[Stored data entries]
##########

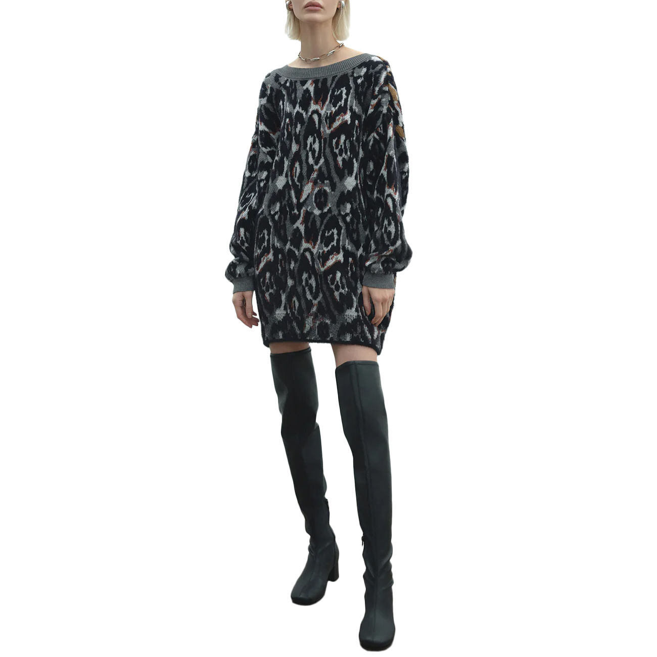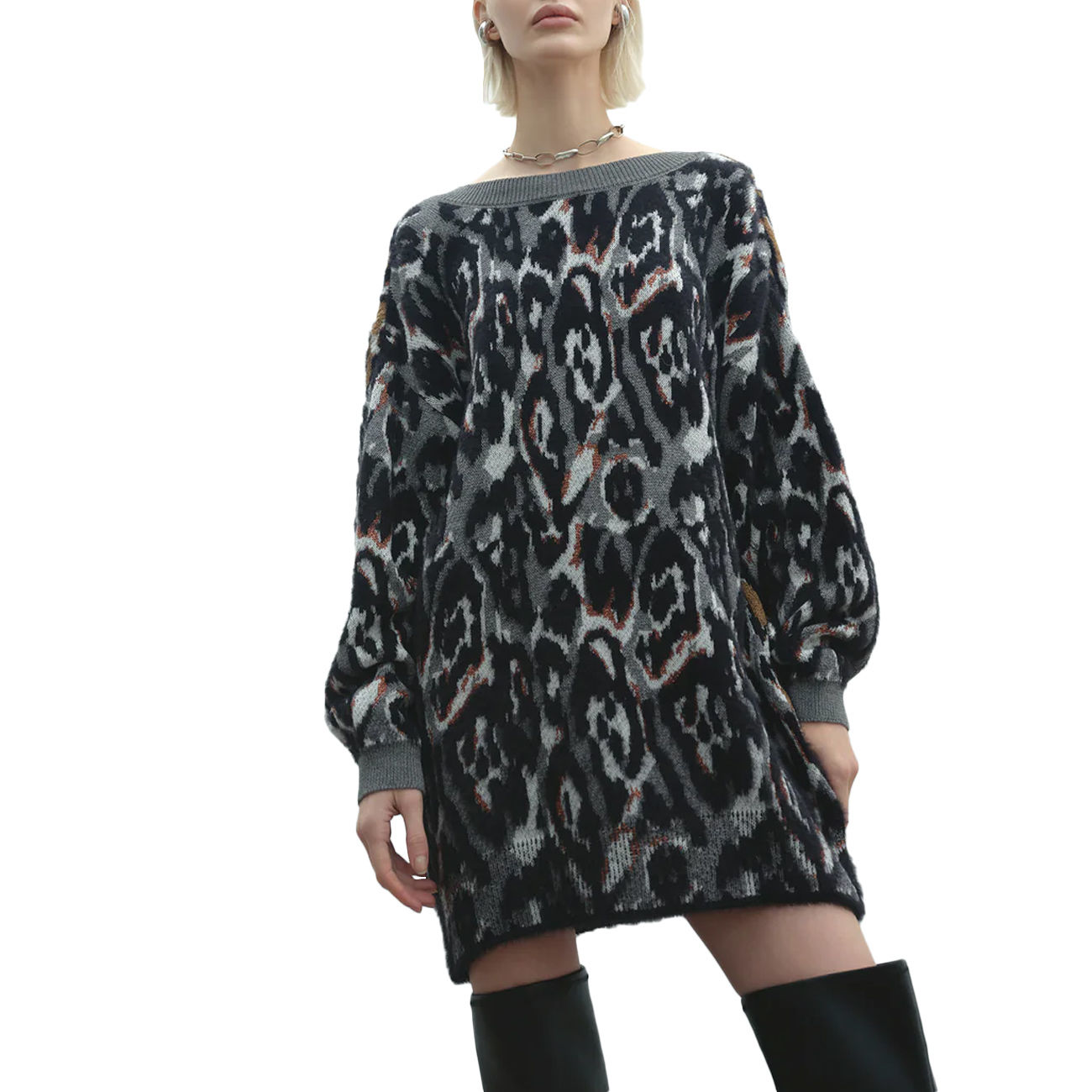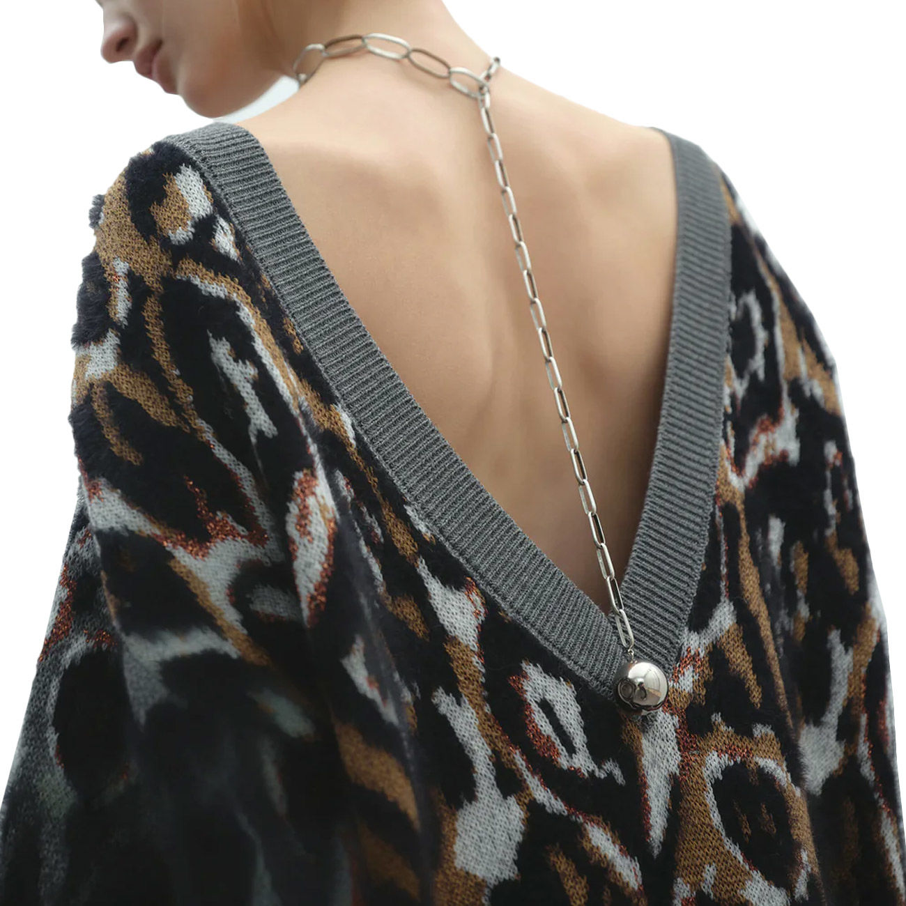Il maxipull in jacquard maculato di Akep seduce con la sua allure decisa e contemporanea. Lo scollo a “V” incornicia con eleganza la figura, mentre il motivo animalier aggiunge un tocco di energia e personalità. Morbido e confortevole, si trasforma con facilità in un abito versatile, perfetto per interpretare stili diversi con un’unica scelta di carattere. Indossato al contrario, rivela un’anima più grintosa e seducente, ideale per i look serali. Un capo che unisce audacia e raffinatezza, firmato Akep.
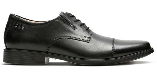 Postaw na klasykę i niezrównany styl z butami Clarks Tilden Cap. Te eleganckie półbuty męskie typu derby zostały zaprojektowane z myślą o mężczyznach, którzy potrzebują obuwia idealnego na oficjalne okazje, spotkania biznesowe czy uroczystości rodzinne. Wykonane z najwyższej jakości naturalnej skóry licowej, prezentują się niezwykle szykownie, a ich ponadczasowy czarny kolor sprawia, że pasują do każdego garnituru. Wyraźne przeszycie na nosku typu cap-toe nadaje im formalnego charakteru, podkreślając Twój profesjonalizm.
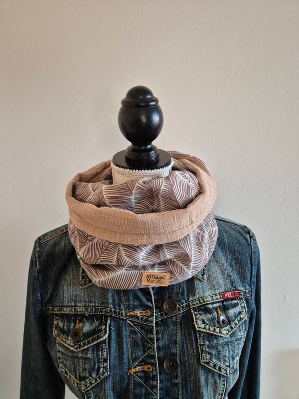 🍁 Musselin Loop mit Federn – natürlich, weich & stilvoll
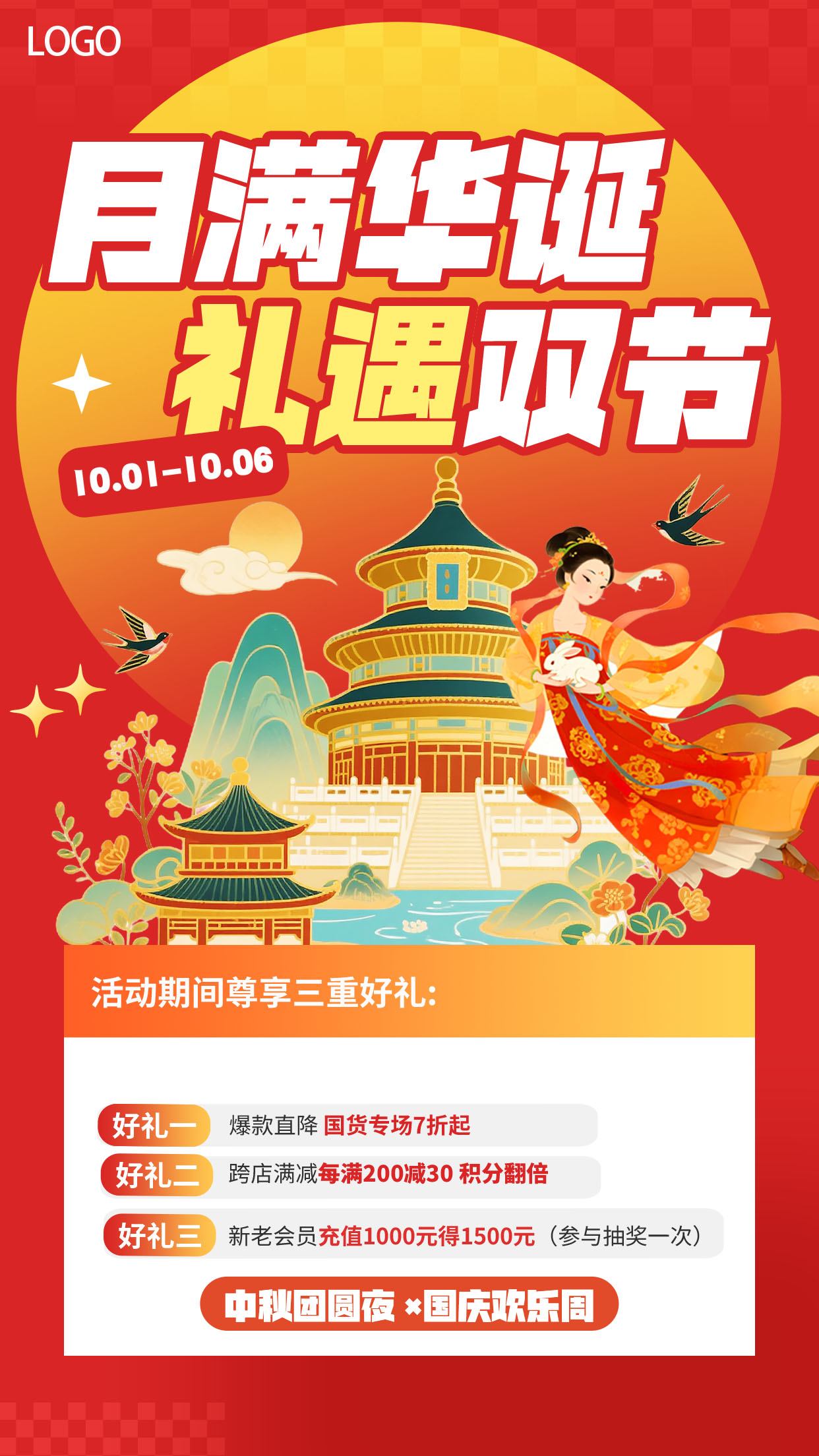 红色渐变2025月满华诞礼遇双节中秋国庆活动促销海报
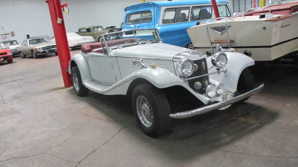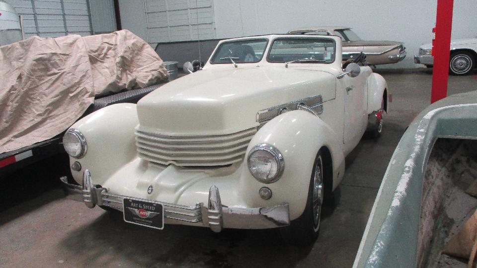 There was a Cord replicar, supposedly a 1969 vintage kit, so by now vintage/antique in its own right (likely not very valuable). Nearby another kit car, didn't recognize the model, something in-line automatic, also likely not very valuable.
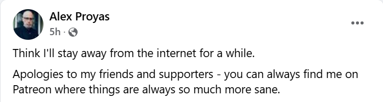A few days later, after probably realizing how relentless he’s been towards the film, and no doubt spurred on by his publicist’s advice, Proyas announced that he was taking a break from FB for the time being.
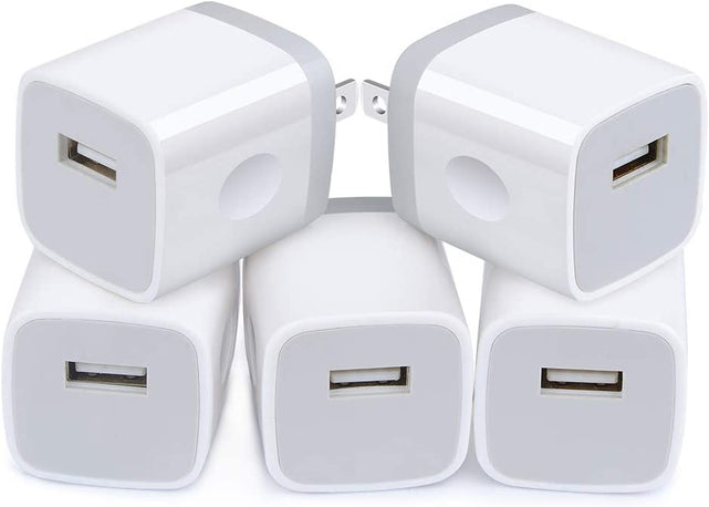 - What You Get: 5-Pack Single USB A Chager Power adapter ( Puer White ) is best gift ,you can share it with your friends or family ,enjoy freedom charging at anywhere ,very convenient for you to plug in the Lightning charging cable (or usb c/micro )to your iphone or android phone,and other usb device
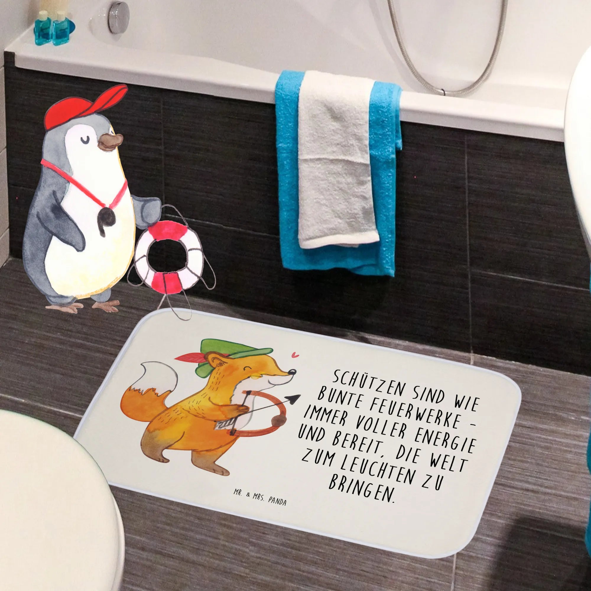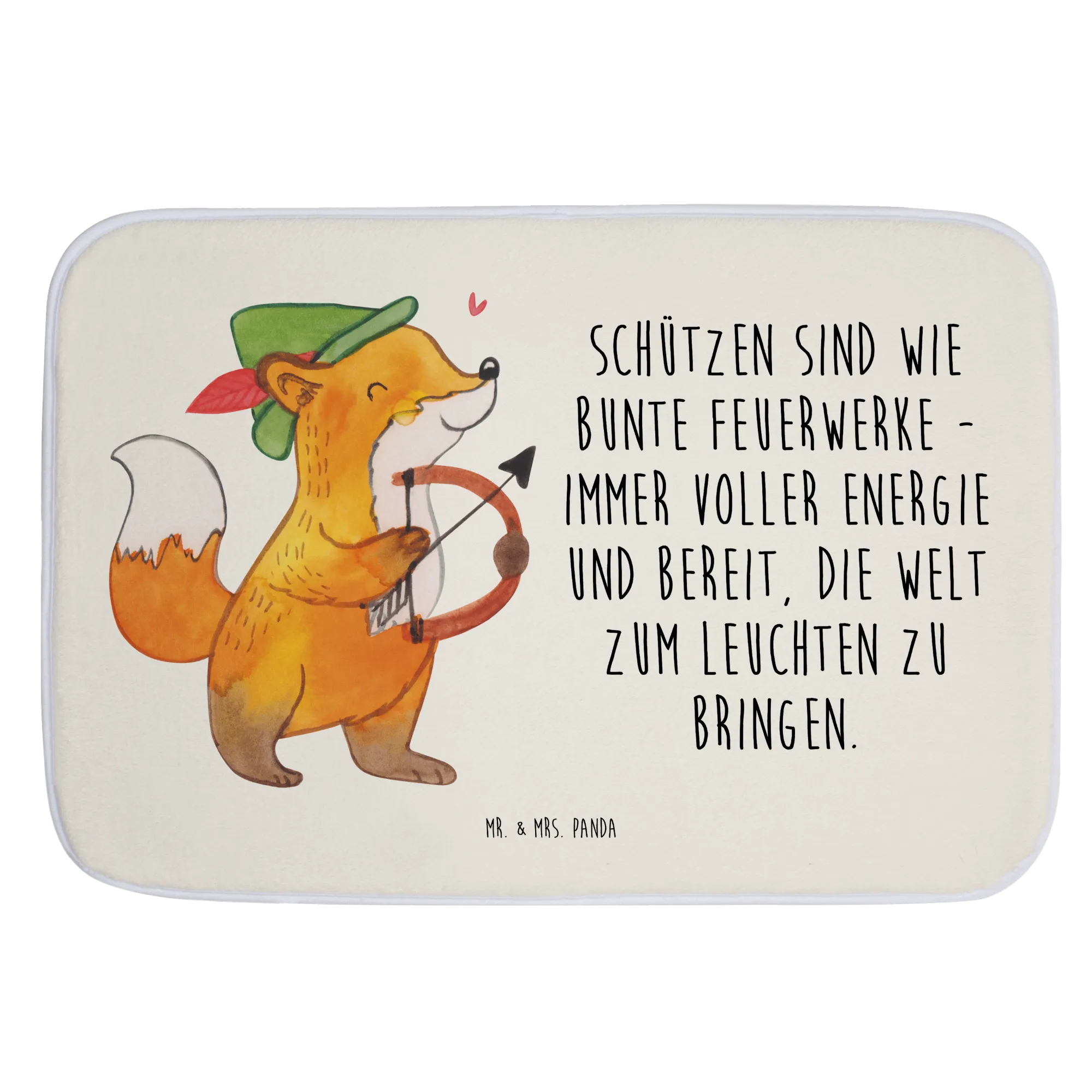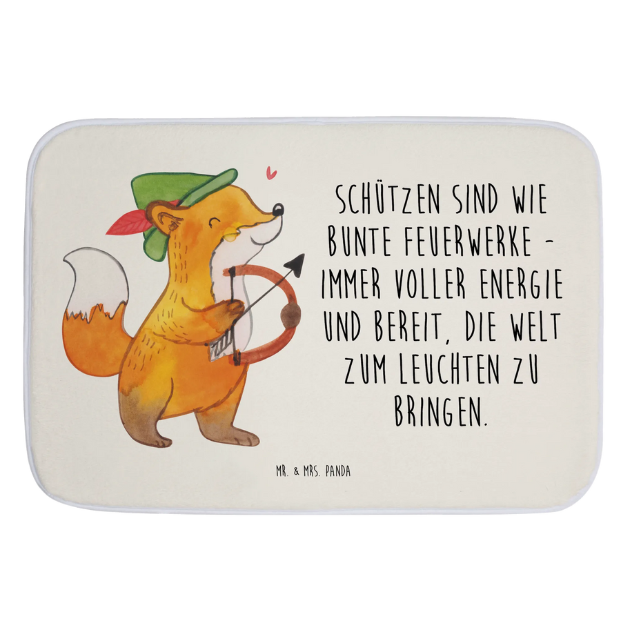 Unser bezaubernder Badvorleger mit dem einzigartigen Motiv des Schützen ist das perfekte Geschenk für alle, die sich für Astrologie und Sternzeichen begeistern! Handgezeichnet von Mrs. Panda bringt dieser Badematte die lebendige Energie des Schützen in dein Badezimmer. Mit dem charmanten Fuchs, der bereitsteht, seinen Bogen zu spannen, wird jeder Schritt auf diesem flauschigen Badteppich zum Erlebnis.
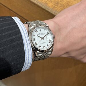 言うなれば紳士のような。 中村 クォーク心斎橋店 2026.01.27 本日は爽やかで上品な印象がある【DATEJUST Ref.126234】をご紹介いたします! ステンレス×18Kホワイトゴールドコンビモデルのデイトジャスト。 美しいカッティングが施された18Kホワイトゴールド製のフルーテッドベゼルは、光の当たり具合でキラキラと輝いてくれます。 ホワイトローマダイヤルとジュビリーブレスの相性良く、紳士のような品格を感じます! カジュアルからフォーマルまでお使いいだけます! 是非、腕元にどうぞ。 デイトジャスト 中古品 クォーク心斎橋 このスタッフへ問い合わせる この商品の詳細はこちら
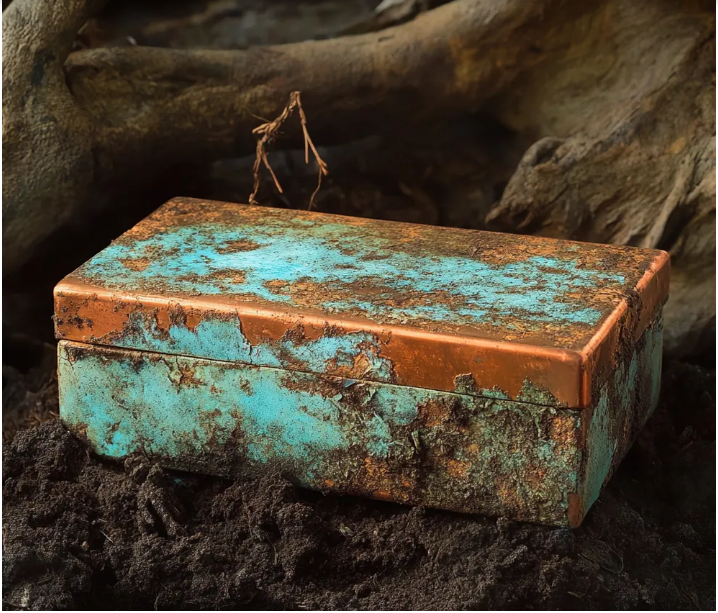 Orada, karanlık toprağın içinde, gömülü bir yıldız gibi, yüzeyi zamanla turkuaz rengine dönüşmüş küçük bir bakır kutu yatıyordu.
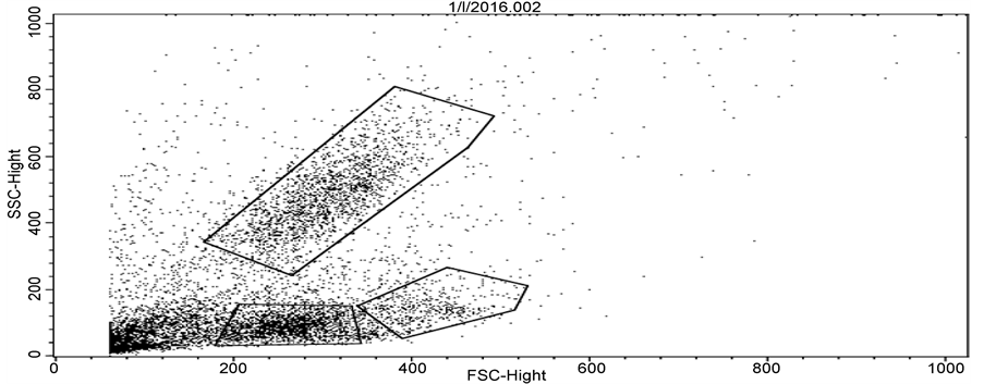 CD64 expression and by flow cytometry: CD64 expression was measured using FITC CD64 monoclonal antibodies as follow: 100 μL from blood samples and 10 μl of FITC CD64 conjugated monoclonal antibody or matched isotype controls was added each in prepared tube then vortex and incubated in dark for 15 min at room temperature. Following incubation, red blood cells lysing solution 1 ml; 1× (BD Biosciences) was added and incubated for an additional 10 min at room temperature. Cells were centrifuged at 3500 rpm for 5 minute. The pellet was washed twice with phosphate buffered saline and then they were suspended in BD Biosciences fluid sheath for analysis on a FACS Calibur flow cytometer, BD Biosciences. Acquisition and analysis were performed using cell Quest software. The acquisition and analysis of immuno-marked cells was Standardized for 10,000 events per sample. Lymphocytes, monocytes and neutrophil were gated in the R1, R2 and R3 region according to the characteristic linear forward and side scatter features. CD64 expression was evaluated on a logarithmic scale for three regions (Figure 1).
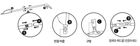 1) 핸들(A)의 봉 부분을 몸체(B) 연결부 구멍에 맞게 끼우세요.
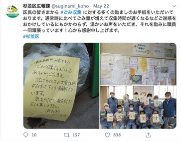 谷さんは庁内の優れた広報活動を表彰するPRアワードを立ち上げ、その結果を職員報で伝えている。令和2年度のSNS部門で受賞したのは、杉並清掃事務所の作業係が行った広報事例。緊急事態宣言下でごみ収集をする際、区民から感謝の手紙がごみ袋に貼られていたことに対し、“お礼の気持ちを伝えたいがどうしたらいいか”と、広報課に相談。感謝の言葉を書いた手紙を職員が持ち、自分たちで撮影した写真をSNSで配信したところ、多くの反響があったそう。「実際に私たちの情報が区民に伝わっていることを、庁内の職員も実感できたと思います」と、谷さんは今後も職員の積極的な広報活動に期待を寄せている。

##########

Transcribe the records verbatim, excluding pictures.

**Task answer:**
Il maxipull in jacquard maculato di Akep seduce con la sua allure decisa e contemporanea. Lo scollo a “V” incornicia con eleganza la figura, mentre il motivo animalier aggiunge un tocco di energia e personalità. Morbido e confortevole, si trasforma con facilità in un abito versatile, perfetto per interpretare stili diversi con un’unica scelta di carattere. Indossato al contrario, rivela un’anima più grintosa e seducente, ideale per i look serali. Un capo che unisce audacia e raffinatezza, firmato Akep.
 Postaw na klasykę i niezrównany styl z butami Clarks Tilden Cap. Te eleganckie półbuty męskie typu derby zostały zaprojektowane z myślą o mężczyznach, którzy potrzebują obuwia idealnego na oficjalne okazje, spotkania biznesowe czy uroczystości rodzinne. Wykonane z najwyższej jakości naturalnej skóry licowej, prezentują się niezwykle szykownie, a ich ponadczasowy czarny kolor sprawia, że pasują do każdego garnituru. Wyraźne przeszycie na nosku typu cap-toe nadaje im formalnego charakteru, podkreślając Twój profesjonalizm.
 🍁 Musselin Loop mit Federn – natürlich, weich & stilvoll
 红色渐变2025月满华诞礼遇双节中秋国庆活动促销海报
 There was a Cord replicar, supposedly a 1969 vintage kit, so by now vintage/antique in its own right (likely not very valuable). Nearby another kit car, didn't recognize the model, something in-line automatic, also likely not very valuable.
A few days later, after probably realizing how relentless he’s been towards the film, and no doubt spurred on by his publicist’s advice, Proyas announced that he was taking a break from FB for the time being.
 - What You Get: 5-Pack Single USB A Chager Power adapter ( Puer White ) is best gift ,you can share it with your friends or family ,enjoy freedom charging at anywhere ,very convenient for you to plug in the Lightning charging cable (or usb c/micro )to your iphone or android phone,and other usb device
 Unser bezaubernder Badvorleger mit dem einzigartigen Motiv des Schützen ist das perfekte Geschenk für alle, die sich für Astrologie und Sternzeichen begeistern! Handgezeichnet von Mrs. Panda bringt dieser Badematte die lebendige Energie des Schützen in dein Badezimmer. Mit dem charmanten Fuchs, der bereitsteht, seinen Bogen zu spannen, wird jeder Schritt auf diesem flauschigen Badteppich zum Erlebnis.
 言うなれば紳士のような。 中村 クォーク心斎橋店 2026.01.27 本日は爽やかで上品な印象がある【DATEJUST Ref.126234】をご紹介いたします! ステンレス×18Kホワイトゴールドコンビモデルのデイトジャスト。 美しいカッティングが施された18Kホワイトゴールド製のフルーテッドベゼルは、光の当たり具合でキラキラと輝いてくれます。 ホワイトローマダイヤルとジュビリーブレスの相性良く、紳士のような品格を感じます! カジュアルからフォーマルまでお使いいだけます! 是非、腕元にどうぞ。 デイトジャスト 中古品 クォーク心斎橋 このスタッフへ問い合わせる この商品の詳細はこちら
 Orada, karanlık toprağın içinde, gömülü bir yıldız gibi, yüzeyi zamanla turkuaz rengine dönüşmüş küçük bir bakır kutu yatıyordu.
 CD64 expression and by flow cytometry: CD64 expression was measured using FITC CD64 monoclonal antibodies as follow: 100 μL from blood samples and 10 μl of FITC CD64 conjugated monoclonal antibody or matched isotype controls was added each in prepared tube then vortex and incubated in dark for 15 min at room temperature. Following incubation, red blood cells lysing solution 1 ml; 1× (BD Biosciences) was added and incubated for an additional 10 min at room temperature. Cells were centrifuged at 3500 rpm for 5 minute. The pellet was washed twice with phosphate buffered saline and then they were suspended in BD Biosciences fluid sheath for analysis on a FACS Calibur flow cytometer, BD Biosciences. Acquisition and analysis were performed using cell Quest software. The acquisition and analysis of immuno-marked cells was Standardized for 10,000 events per sample. Lymphocytes, monocytes and neutrophil were gated in the R1, R2 and R3 region according to the characteristic linear forward and side scatter features. CD64 expression was evaluated on a logarithmic scale for three regions (Figure 1).
 1) 핸들(A)의 봉 부분을 몸체(B) 연결부 구멍에 맞게 끼우세요.
 谷さんは庁内の優れた広報活動を表彰するPRアワードを立ち上げ、その結果を職員報で伝えている。令和2年度のSNS部門で受賞したのは、杉並清掃事務所の作業係が行った広報事例。緊急事態宣言下でごみ収集をする際、区民から感謝の手紙がごみ袋に貼られていたことに対し、“お礼の気持ちを伝えたいがどうしたらいいか”と、広報課に相談。感謝の言葉を書いた手紙を職員が持ち、自分たちで撮影した写真をSNSで配信したところ、多くの反響があったそう。「実際に私たちの情報が区民に伝わっていることを、庁内の職員も実感できたと思います」と、谷さんは今後も職員の積極的な広報活動に期待を寄せている。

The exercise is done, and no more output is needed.